Exercise data:
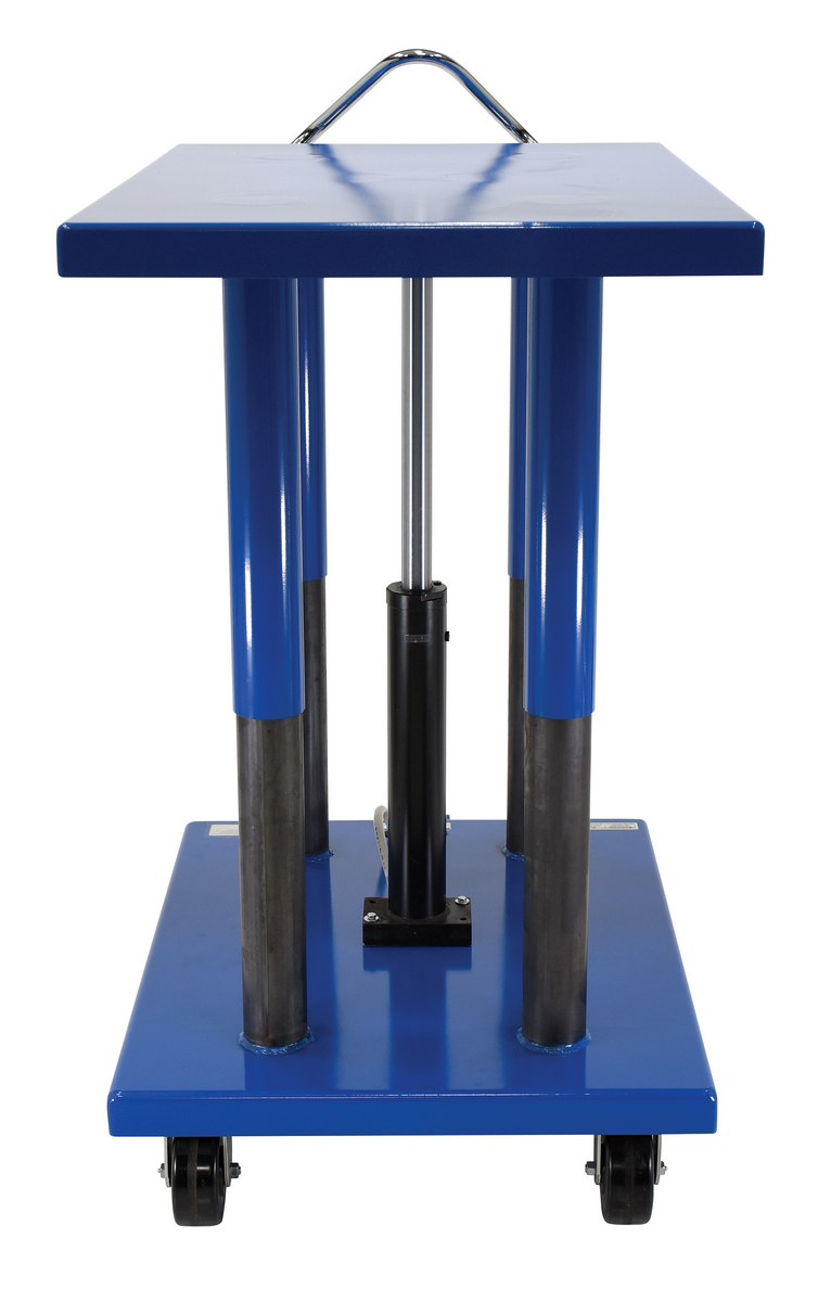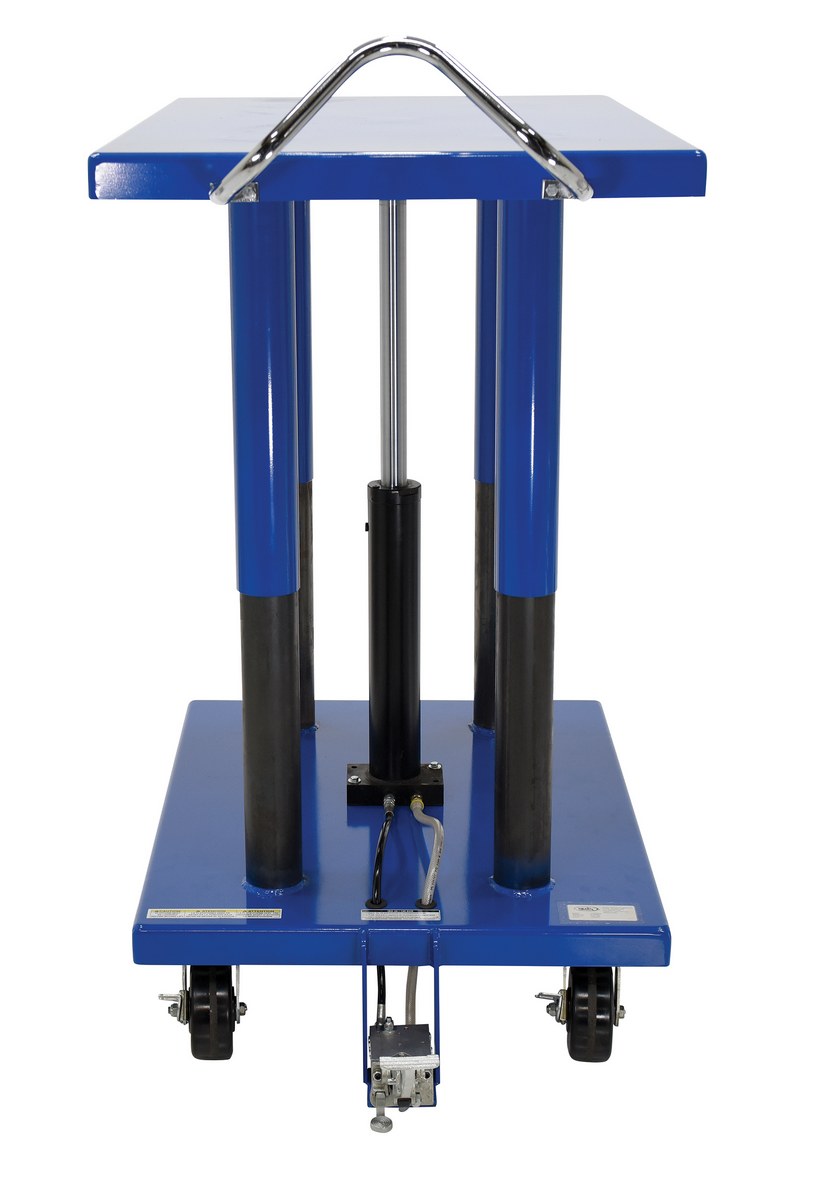 The Hydraulic post table is built for heavy-duty shop use. This post table is good for many material handling uses including: lifting dies and castings, moving machine parts, positioning welders work, leveling feed material for pump presses, conveyors and press brakes, and similar material handling jobs. The posts are telescoping to help stabilize and support loads during operation. Table includes four casters; two locking swivel with brakes and two rigid. The unit features a two-speed auto shifter for maximum operator convenience and safe platform lowering.
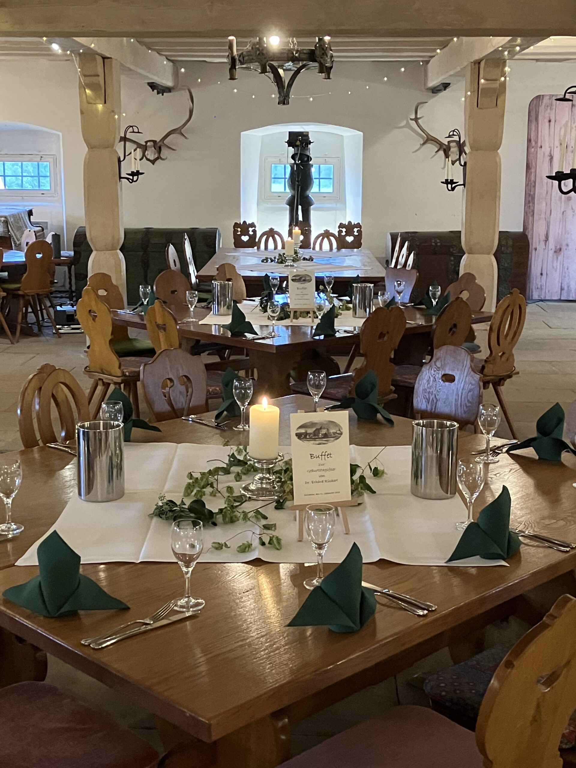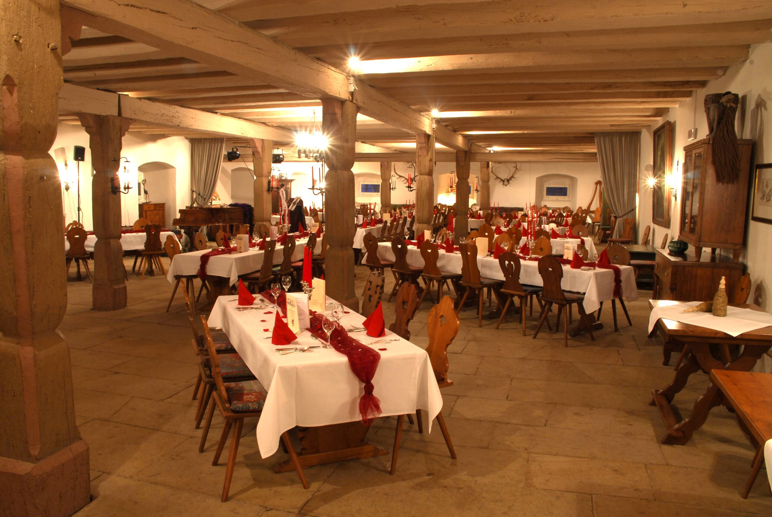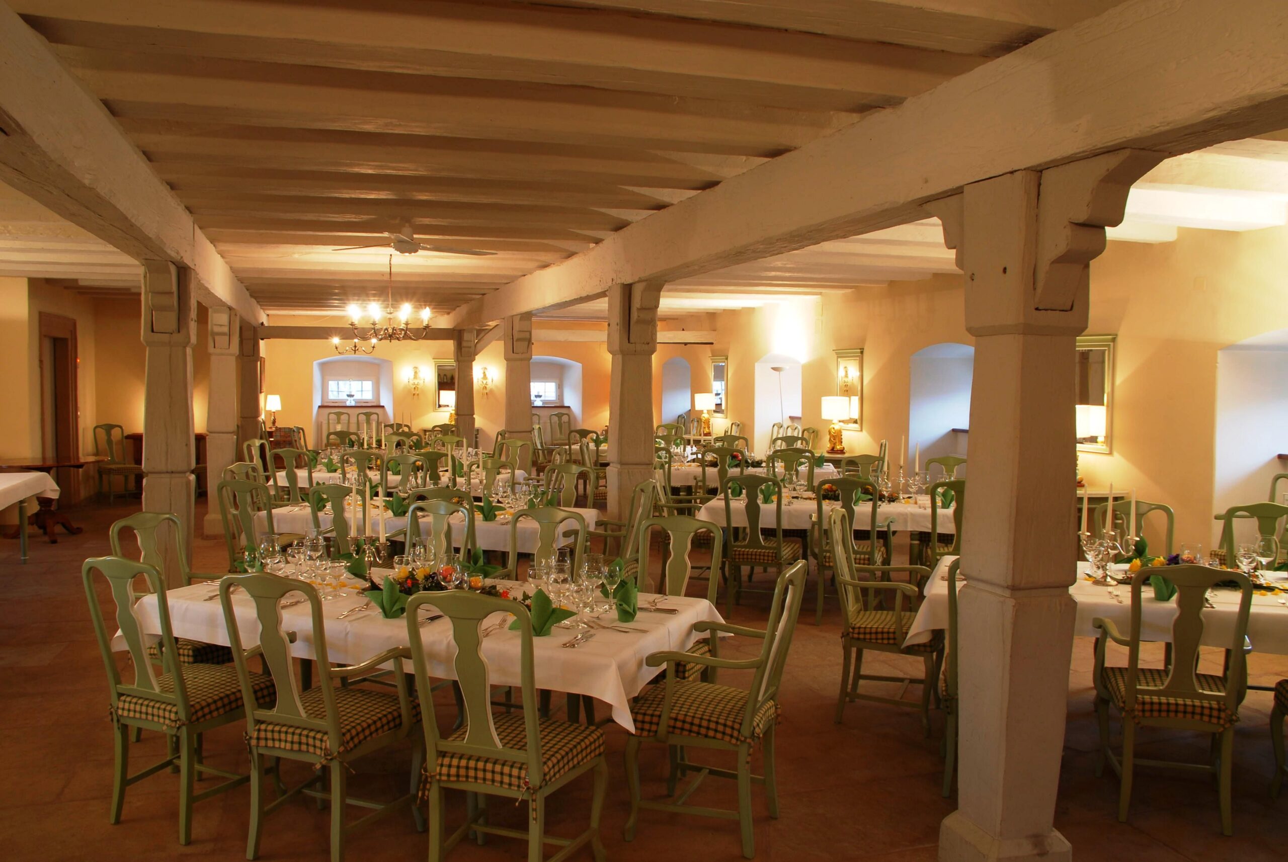 Der rustikale Rittersaal (ca. 300qm) ist für max. 180 Personen ausgelegt und kann bei Bedarf abgeteilt werden. Als besonders empfehlenswerte Bestuhlung z.B. für Hochzeiten hat sich eine Gruppierung mit bis zu 12 Tischwürfeln je 10 Personen erwiesen.
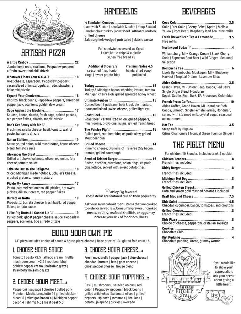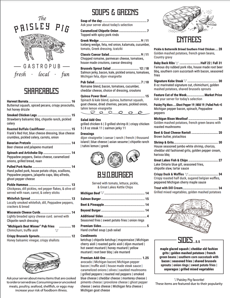 The Paisley Pig Gastropub located in Grand Haven, MI offers a diverse menu with options for everyone, including vegan and vegetarian choices. The casual and trendy atmosphere, along with amenities like outdoor seating, full bar, and free Wi-Fi, make it a great spot for lunch or dinner. Customers rave about the delicious food, from brisket meatloaf and baby back ribs to unique dishes like crab ragoon pizza and whatever floats your GOAT pizza. The friendly staff and fast service enhance the overall dining experience. With positive reviews praising the food quality, creative menu options, and accommodating service, The Paisley Pig Gastropub is a must-visit for those looking for a memorable dining experience.

Task requirements: Each line from the one holding "Der rustikale Rittersaal" through the end of the listing is to be output exactly, both ends included, with no other lines and the pictures left out.

Exercise answer:
 Der rustikale Rittersaal (ca. 300qm) ist für max. 180 Personen ausgelegt und kann bei Bedarf abgeteilt werden. Als besonders empfehlenswerte Bestuhlung z.B. für Hochzeiten hat sich eine Gruppierung mit bis zu 12 Tischwürfeln je 10 Personen erwiesen.
 The Paisley Pig Gastropub located in Grand Haven, MI offers a diverse menu with options for everyone, including vegan and vegetarian choices. The casual and trendy atmosphere, along with amenities like outdoor seating, full bar, and free Wi-Fi, make it a great spot for lunch or dinner. Customers rave about the delicious food, from brisket meatloaf and baby back ribs to unique dishes like crab ragoon pizza and whatever floats your GOAT pizza. The friendly staff and fast service enhance the overall dining experience. With positive reviews praising the food quality, creative menu options, and accommodating service, The Paisley Pig Gastropub is a must-visit for those looking for a memorable dining experience.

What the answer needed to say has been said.